### Supplied records
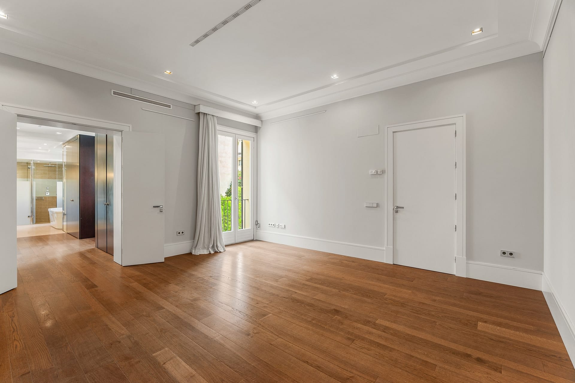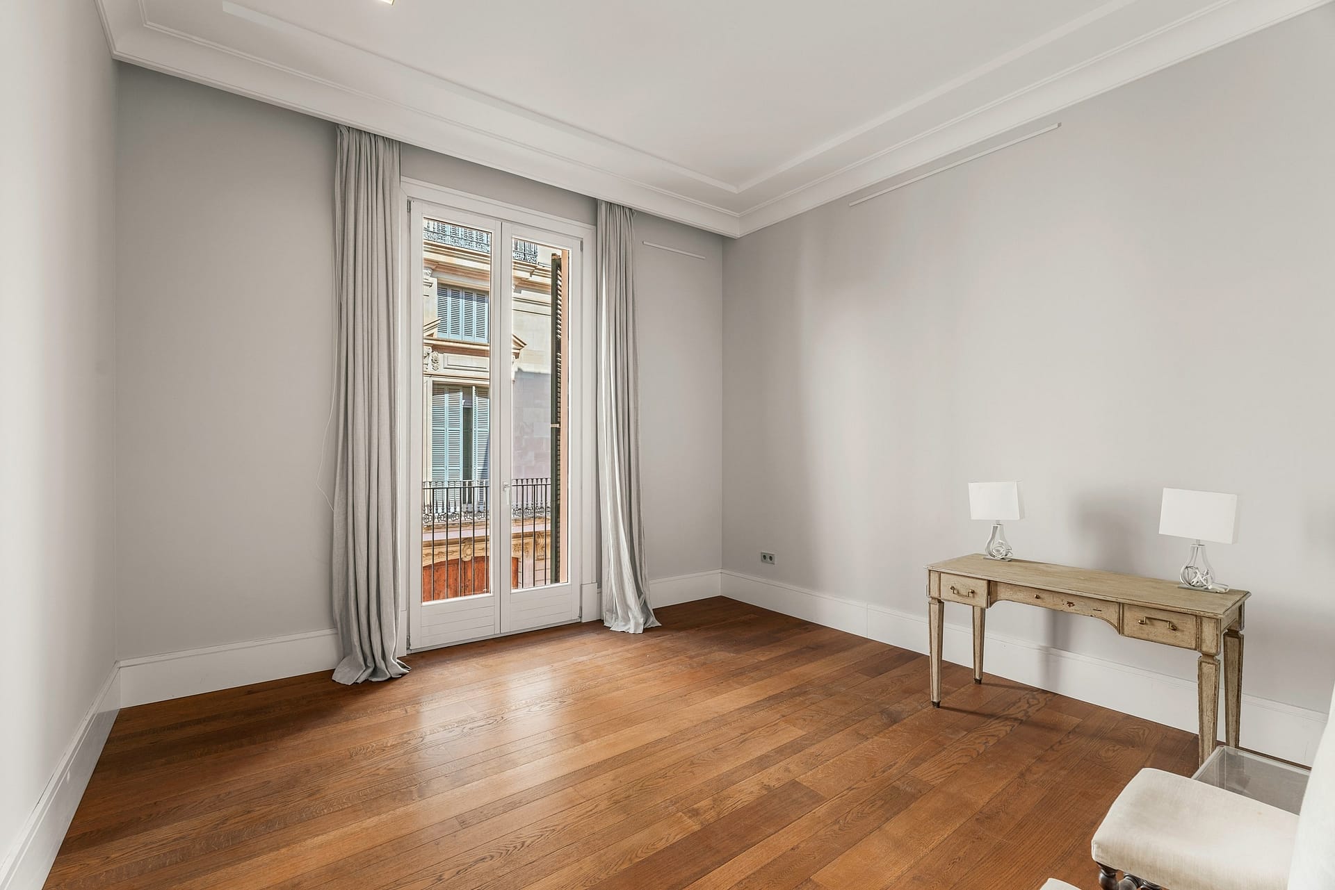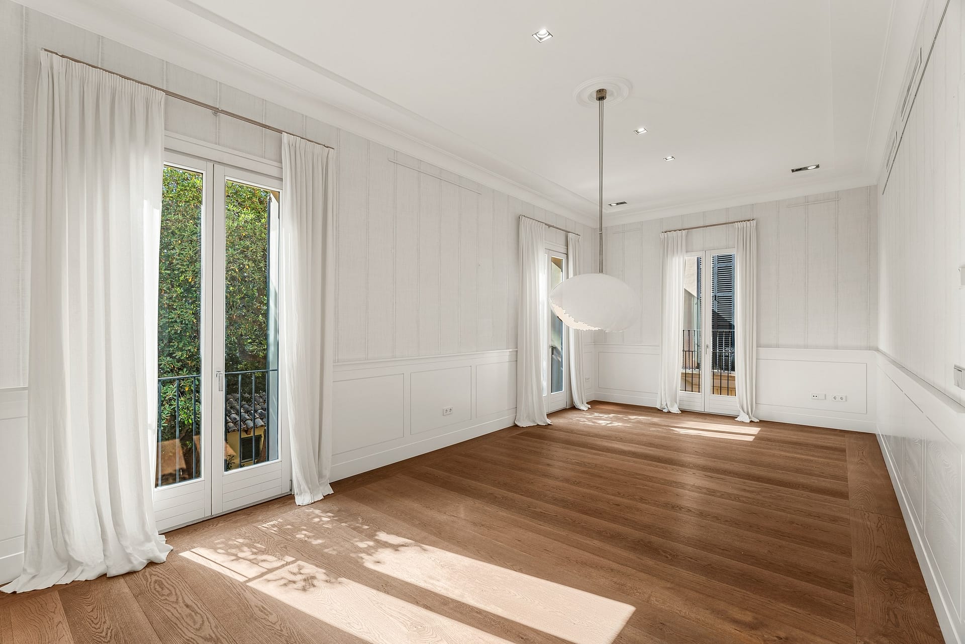 Experience the pinnacle of Mediterranean elegance in this magnificent 406sqm noble floor residence, situated within a prestigious 150-year-old estate in the sought-after San Jaime quarter of the Old Town. This imposing property seamlessly blends its storied heritage with a meticulous renovation, resulting in a home characterized by majestic proportions and a clean, sophisticated design. The journey begins through a stately entrance hall leading into a suite of grand reception rooms, where soaring ceilings and minimalist architectural lighting define the aesthetic. The primary living area, centered around a sleek modern fireplace, flows effortlessly through tall, white-curtained French doors that open to tranquil views over lush private greenery.
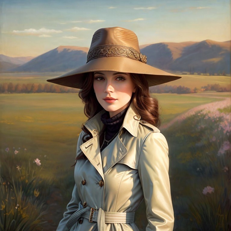 (Try from Vincent Godard) - A stylish woman in a wide-brimmed hat and a light trench coat stands against a picturesque rural landscape, featuring rolling hills and a clear sky, exuding confidence and elegance.
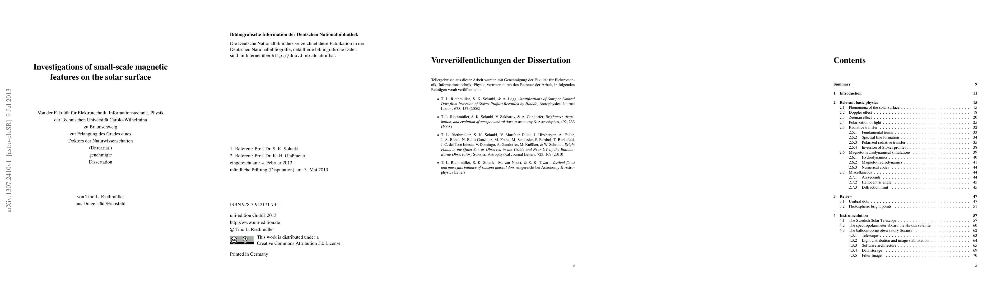 Solar activity is controlled by the magnetic field, which also causes the variability of the solar irradiance that in turn is thought to influence the climate on Earth. The magnetic field manifests itself in the form of structures of largely different sizes. This thesis concentrates on two types of the smallest known magnetic features: The first part studies the properties of umbral dots, dot-like bright features in the dark umbra of a sunspot. The obtained umbral dot properties provide a remarkable confirmation of the results of recent magneto-hydrodynamical simulations. Observations as well as simulations show that umbral dots differ from their surroundings mainly in the lowest photospheric layers, where the temperature is enhanced and the magnetic field is weakened. In addition, the interior of the umbral dots displays strong upflow velocities which are surrounded by weak downflows. This qualitative agreement further strengthens the interpretation of umbral dots as localized columns of overturning convection. The second part of the thesis investigates bright points, which are small-scale brightness enhancements in the darker intergranular lanes of the quiet Sun produced by magnetic flux concentrations. Observational data obtained by the balloon-borne solar telescope SUNRISE are used in this thesis. For the first time contrasts of bright points in the important ultraviolet spectral range are determined. A comparison of observational data with magneto-hydrodynamical simulations revealed a close correspondence, but only after effects due to the limited spectral and spatial resolution were carefully included. 98% of the synthetic bright points are found to be associated with a nearly vertical kilo-Gauss field.
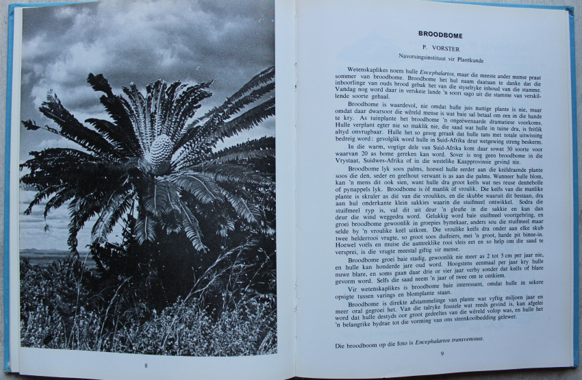 Text both English and Afrikaans. Some chapters on: commiphora, dioscorea sylvatica, cycads / broodboom, scirpus rubicundus, welwitschia, seaweeds, combretaceae.
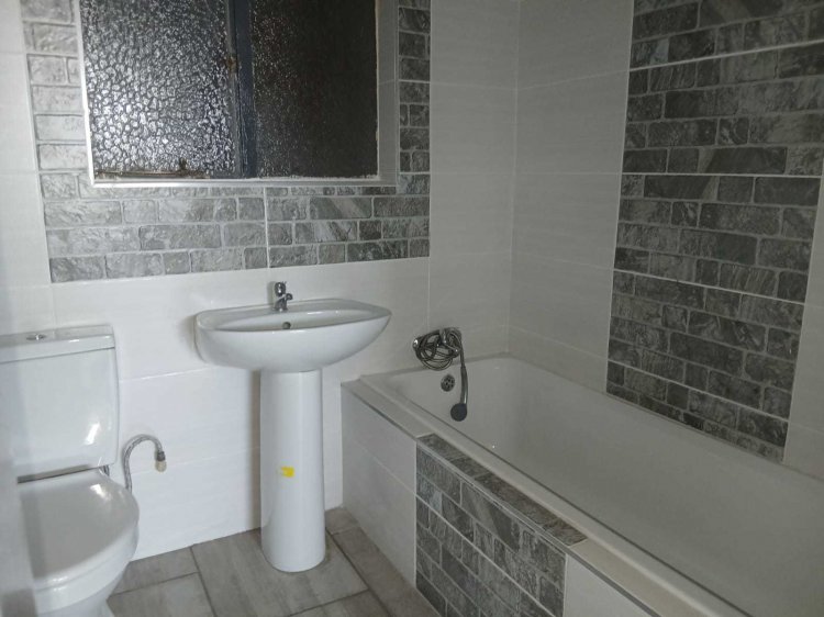 The freshly tiled and upgraded bathroom is fitted with a new bath, basin, and toilet, providing everything you need for everyday comfort.
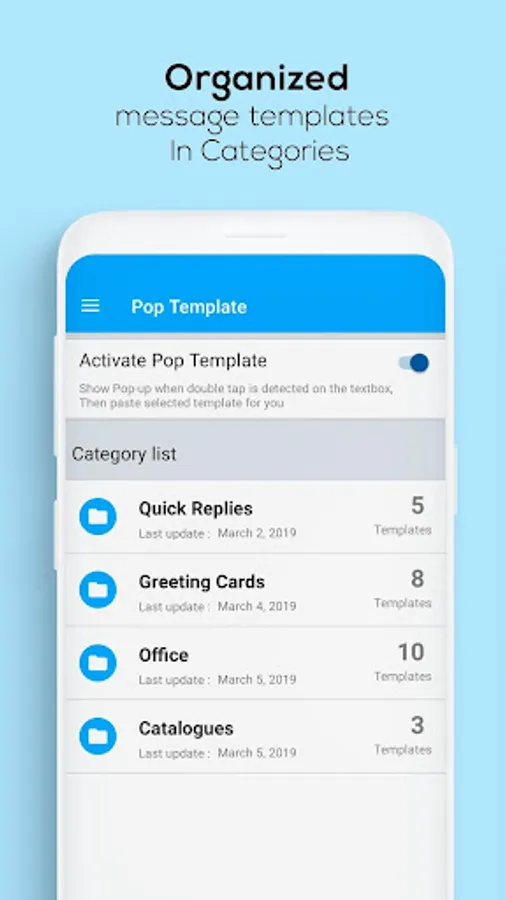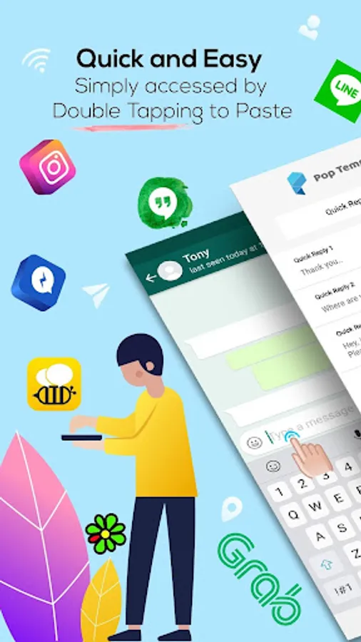 Pop Template gives easy and quick access to paste easily by double-tapping on the message bar and choose a Pop response to send to the recipient. No need to type anything as everything will be pasted in the message bar and you can send it with just a tap!
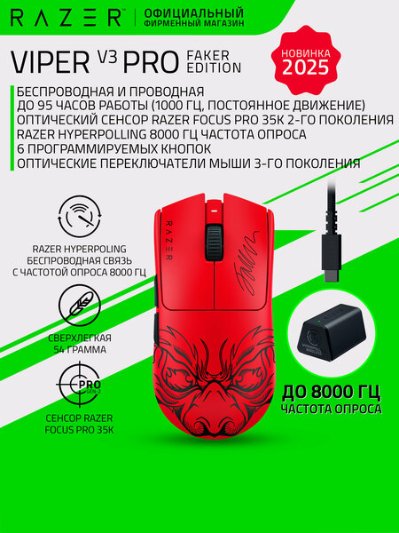 Особенности - Сверхлегкий дизайн 54 грамма - Оптический сенсор Razer Focus Pro 35K 2-го поколения - Технология беспроводной связи Razer HyperPolling 8K Гц - Беспроводная связь 2,4ГГц или проводной режим - технические характеристики - Форм-фактор: симметричный для правой руки - Два режима работы: Беспроводная связь Razer HyperPolling (2.4 ГГц) или проводной режим - Оптический сенсор Focus Pro 35K с разрешением 35 000 DPI 2-го поколения - Скорость до 750 дюймов в секунду / Ускорение до 70 g - Частота опроса до 8000 Гц с беспроводным передатчиком Razer HyperPolling Wireless Dongle (входит в комплект) - 6 программируемых кнопок - Оптические переключатели для мышей Razer Gen-3 (3-го поколения) с ресурсом 90 млн нажатий - Колесо прокрутки тактильное игрового класса - Настройка чувствительности на лету On-The-Fly Sensitivity, стандартные уровни чувствительности: 400 / 800 / 1600 (по умолчанию) / 3200 / 6400) - Встроенная память на 1 профиль и облачное хранилище - Расширенные возможности настройки расстояния отрыва/приземления - Калибровка сенсора под поверхность - Поддержка программы управления Razer Synapse 3 - Подсветка Razer Chroma RGB отсутствует - Ножки мыши из 100% фторопласта (PTFE) - USB передатчик 2,4 ГГц Razer HyperPolling Wireless Dongle в комплекте - Кабель сверхгибкий Speedflex длиной 1,8 м для зарядки и использования мыши в проводном режиме, USB Type C - USB - Совместимость с зарядными станциями: Нет - Время работы от аккумулятора: до 95 часов (1000 Гц, постоянное движение) - Время работы от аккумулятора: до 62 часов (2000 Гц, постоянное движение) - Время работы от аккумулятора: до 40 часов (4000 Гц, постоянное движение) - Время работы от аккумулятора: до 17 часов (8000 Гц, постоянное движение) - Зарядка полностью разряженной батареи длится приблизительно 4 часа - Примерные размеры: 128 x 64 x 40 мм - Примерная масса (без кабеля): 54 г черная модель, 55 г белая модель. - КАК заряжать мышь? - Мышь Razer Viper V3 Pro заряжается только по кабелю. - Мышь Razer Viper V3 Pro не поддерживает док-станцию Razer Mouse Dock Chroma (RC30-03050200-R3M1), док-станцию Razer Mouse Dock Pro & Wireless Charging Puck (RZ81-01990100-B3M1) и шайбу для зарядки Razer Wireless Charging Puck (RC21-01990200-R3M1). - системные требования - ПК со свободным USB-портом - требования К приложению RAZER SYNAPSE 3 - Windows 10 64 бит (или более новая версия) - Подключение к Интернету - 500 МБ свободного места на жестком диске - комплектация - Razer Viper V3 Pro - Razer HyperPolling Wireless Dongle - Кабель USB Type A к USB Type C - Razer Mouse Grip Tape - Важная информация о продукте
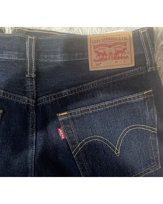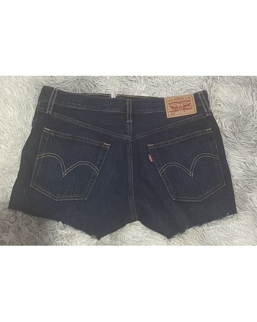 These Levi's shorts are perfect for any woman looking for a stylish addition to her wardrobe. With a slim fit and cut-off style, they are both flattering and trendy. Made from 100% cotton and washed in a dark shade, these shorts are both comfortable and durable. They are a W27, though I would say they are a smaller fit. The brand, Levi's, is well-known for their quality clothing and these shorts are no exception. They are perfect for any occasion and can be dressed up or down depending on the individual's style. The shorts are a size small and made in China. Add these blue shorts to your wardrobe today!
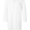 Bata unisex de corte clásico con cierre de botones, cinturón posterior y tres bolsillos de parche. Tejido sarga ligero y resistente.
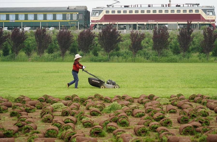A villager trims a lawn from which commercial turfs are planted in Fujiang Village of Yinzhen Neighbourhood in Xi'an, northwest China's Shaanxi Province. The need for turfs during China's urbanization process has driven farmers in Yinzhen Neighbourhood to invest in the turf business. (Xinhua/Shao Rui)
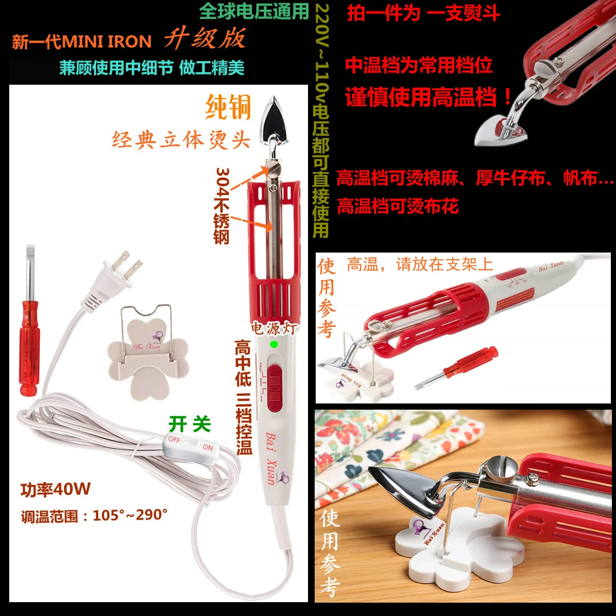 220 V Toll Típusú Mini Babaruha Vas Részlet Vasalórész Diy Kis Elektromos Varró Szerszámok
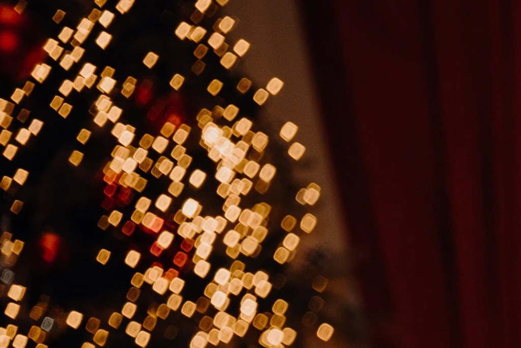 The below example photo of this phenomenon is an extreme crop of the top left corner taken at f2.0. It was a Christmas tree in the background.

### What you are asked to do
Word-for-word transcription: the whole listing, with images excluded.

### Output below
 Experience the pinnacle of Mediterranean elegance in this magnificent 406sqm noble floor residence, situated within a prestigious 150-year-old estate in the sought-after San Jaime quarter of the Old Town. This imposing property seamlessly blends its storied heritage with a meticulous renovation, resulting in a home characterized by majestic proportions and a clean, sophisticated design. The journey begins through a stately entrance hall leading into a suite of grand reception rooms, where soaring ceilings and minimalist architectural lighting define the aesthetic. The primary living area, centered around a sleek modern fireplace, flows effortlessly through tall, white-curtained French doors that open to tranquil views over lush private greenery.
 (Try from Vincent Godard) - A stylish woman in a wide-brimmed hat and a light trench coat stands against a picturesque rural landscape, featuring rolling hills and a clear sky, exuding confidence and elegance.
 Solar activity is controlled by the magnetic field, which also causes the variability of the solar irradiance that in turn is thought to influence the climate on Earth. The magnetic field manifests itself in the form of structures of largely different sizes. This thesis concentrates on two types of the smallest known magnetic features: The first part studies the properties of umbral dots, dot-like bright features in the dark umbra of a sunspot. The obtained umbral dot properties provide a remarkable confirmation of the results of recent magneto-hydrodynamical simulations. Observations as well as simulations show that umbral dots differ from their surroundings mainly in the lowest photospheric layers, where the temperature is enhanced and the magnetic field is weakened. In addition, the interior of the umbral dots displays strong upflow velocities which are surrounded by weak downflows. This qualitative agreement further strengthens the interpretation of umbral dots as localized columns of overturning convection. The second part of the thesis investigates bright points, which are small-scale brightness enhancements in the darker intergranular lanes of the quiet Sun produced by magnetic flux concentrations. Observational data obtained by the balloon-borne solar telescope SUNRISE are used in this thesis. For the first time contrasts of bright points in the important ultraviolet spectral range are determined. A comparison of observational data with magneto-hydrodynamical simulations revealed a close correspondence, but only after effects due to the limited spectral and spatial resolution were carefully included. 98% of the synthetic bright points are found to be associated with a nearly vertical kilo-Gauss field.
 Text both English and Afrikaans. Some chapters on: commiphora, dioscorea sylvatica, cycads / broodboom, scirpus rubicundus, welwitschia, seaweeds, combretaceae.
 The freshly tiled and upgraded bathroom is fitted with a new bath, basin, and toilet, providing everything you need for everyday comfort.
 Pop Template gives easy and quick access to paste easily by double-tapping on the message bar and choose a Pop response to send to the recipient. No need to type anything as everything will be pasted in the message bar and you can send it with just a tap!
 Особенности - Сверхлегкий дизайн 54 грамма - Оптический сенсор Razer Focus Pro 35K 2-го поколения - Технология беспроводной связи Razer HyperPolling 8K Гц - Беспроводная связь 2,4ГГц или проводной режим - технические характеристики - Форм-фактор: симметричный для правой руки - Два режима работы: Беспроводная связь Razer HyperPolling (2.4 ГГц) или проводной режим - Оптический сенсор Focus Pro 35K с разрешением 35 000 DPI 2-го поколения - Скорость до 750 дюймов в секунду / Ускорение до 70 g - Частота опроса до 8000 Гц с беспроводным передатчиком Razer HyperPolling Wireless Dongle (входит в комплект) - 6 программируемых кнопок - Оптические переключатели для мышей Razer Gen-3 (3-го поколения) с ресурсом 90 млн нажатий - Колесо прокрутки тактильное игрового класса - Настройка чувствительности на лету On-The-Fly Sensitivity, стандартные уровни чувствительности: 400 / 800 / 1600 (по умолчанию) / 3200 / 6400) - Встроенная память на 1 профиль и облачное хранилище - Расширенные возможности настройки расстояния отрыва/приземления - Калибровка сенсора под поверхность - Поддержка программы управления Razer Synapse 3 - Подсветка Razer Chroma RGB отсутствует - Ножки мыши из 100% фторопласта (PTFE) - USB передатчик 2,4 ГГц Razer HyperPolling Wireless Dongle в комплекте - Кабель сверхгибкий Speedflex длиной 1,8 м для зарядки и использования мыши в проводном режиме, USB Type C - USB - Совместимость с зарядными станциями: Нет - Время работы от аккумулятора: до 95 часов (1000 Гц, постоянное движение) - Время работы от аккумулятора: до 62 часов (2000 Гц, постоянное движение) - Время работы от аккумулятора: до 40 часов (4000 Гц, постоянное движение) - Время работы от аккумулятора: до 17 часов (8000 Гц, постоянное движение) - Зарядка полностью разряженной батареи длится приблизительно 4 часа - Примерные размеры: 128 x 64 x 40 мм - Примерная масса (без кабеля): 54 г черная модель, 55 г белая модель. - КАК заряжать мышь? - Мышь Razer Viper V3 Pro заряжается только по кабелю. - Мышь Razer Viper V3 Pro не поддерживает док-станцию Razer Mouse Dock Chroma (RC30-03050200-R3M1), док-станцию Razer Mouse Dock Pro & Wireless Charging Puck (RZ81-01990100-B3M1) и шайбу для зарядки Razer Wireless Charging Puck (RC21-01990200-R3M1). - системные требования - ПК со свободным USB-портом - требования К приложению RAZER SYNAPSE 3 - Windows 10 64 бит (или более новая версия) - Подключение к Интернету - 500 МБ свободного места на жестком диске - комплектация - Razer Viper V3 Pro - Razer HyperPolling Wireless Dongle - Кабель USB Type A к USB Type C - Razer Mouse Grip Tape - Важная информация о продукте
 These Levi's shorts are perfect for any woman looking for a stylish addition to her wardrobe. With a slim fit and cut-off style, they are both flattering and trendy. Made from 100% cotton and washed in a dark shade, these shorts are both comfortable and durable. They are a W27, though I would say they are a smaller fit. The brand, Levi's, is well-known for their quality clothing and these shorts are no exception. They are perfect for any occasion and can be dressed up or down depending on the individual's style. The shorts are a size small and made in China. Add these blue shorts to your wardrobe today!
 Bata unisex de corte clásico con cierre de botones, cinturón posterior y tres bolsillos de parche. Tejido sarga ligero y resistente.
A villager trims a lawn from which commercial turfs are planted in Fujiang Village of Yinzhen Neighbourhood in Xi'an, northwest China's Shaanxi Province. The need for turfs during China's urbanization process has driven farmers in Yinzhen Neighbourhood to invest in the turf business. (Xinhua/Shao Rui)
 220 V Toll Típusú Mini Babaruha Vas Részlet Vasalórész Diy Kis Elektromos Varró Szerszámok
 The below example photo of this phenomenon is an extreme crop of the top left corner taken at f2.0. It was a Christmas tree in the background.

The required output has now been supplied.